We require that any types serialized through OSCAR are registered using @register_serialization_type. This is to ensure user safety during the load process by avoiding code evaluation.

@register_serialization_typeMacro
@register_serialization_type NewType "String Representation of type" uses_id uses_params

@register_serialization_type is a macro to ensure that the string we generate matches exactly the expression passed as first argument, and does not change in unexpected ways when import/export statements are adjusted.

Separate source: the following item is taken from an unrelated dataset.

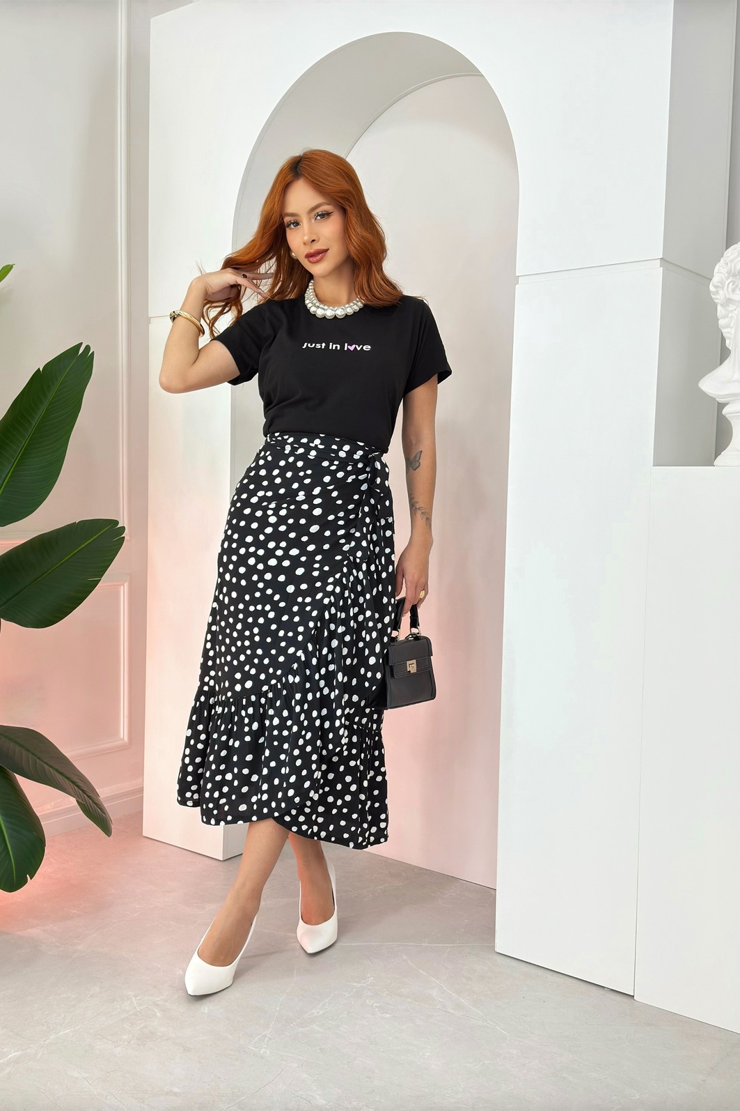 Modelo usa tamanho P

The last three arguments are optional and can arise in any order. Passing a string argument will override how the type is stored as a string. The last two are boolean flags. When setting uses_id the object will be stored as a reference and will be referred to throughout the serialization sessions using a UUID. This should typically only be used for types that do not have a fixed normal form for example PolyRing and MPolyRing. Using the uses_params flag will serialize the object with a more structured type description which will make the serialization more efficient see the discussion on save_type_params / load_type_params below.

source

There are three pairs of saving and loading functions that are used during serialization:

  1. save_typed_object, load_typed_object
  2. save_object, load_object
  3. save_type_params, load_type_params

save_type_object / load_type_object

For the most part these functions should not be touched, they are high level functions and are used to (de)serialize the object with its type information as well as its data. The data and type nodes are set in save_typed_object resulting in a "data branch" and "type branch". The usage of these functions can be used inside save_object / load_object and save_type_params / load_type_params. However using save_typed_object inside a save_object implementation will lead to a verbose format and should at some point be moved to save_type_params. Their implemention can be found in the main.jl file.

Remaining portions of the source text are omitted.